What do you learn from context? Probing for sentence structure in contextualized word representations

Patrick Xia
Berlin Chen
Alex Wang
Adam Poliak
R. Thomas McCoy
Najoung Kim
Benjamin Van Durme
Samuel R. Bowman
International Conference on Learning Representations(2019)


Contextualized representation models such as CoVe (McCann et al., 2017) and ELMo (Peters et al., 2018a) have recently achieved state-of-the-art results on a broad suite of downstream NLP tasks. Building on recent token-level probing work (Peters et al., 2018a; Blevins et al., 2018; Belinkov et al., 2017b; Shi et al., 2016), we introduce a broad suite of sub-sentence probing tasks derived from the traditional structured-prediction pipeline, including parsing, semantic role labeling, and coreference, and covering a range of syntactic, semantic, local, and long-range phenomena.

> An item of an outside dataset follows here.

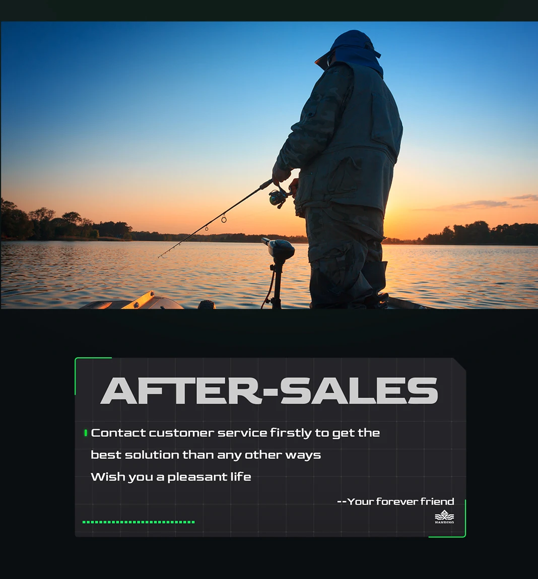 Después de 10 años de trabajar en una fábrica de aparejos de pesca, el fundador estableció la marca HANDING en 2012, centrándose en proporcionar alto rendimiento y alta calidad, y productos de aparejos de pesca rentables para servir a todos los pescadores de todo el mundo.

We use these tasks to examine the word-level contextual representations and investigate how they encode information about the structure of the sentence in which they appear. We probe three recently-released contextual encoder models, and find that ELMo better encodes linguistic structure at the word level than do other comparable models. We find that the existing models trained on language modeling and translation produce strong representations for syntactic phenomena, but only offer small improvements on semantic tasks over a non-contextual baseline.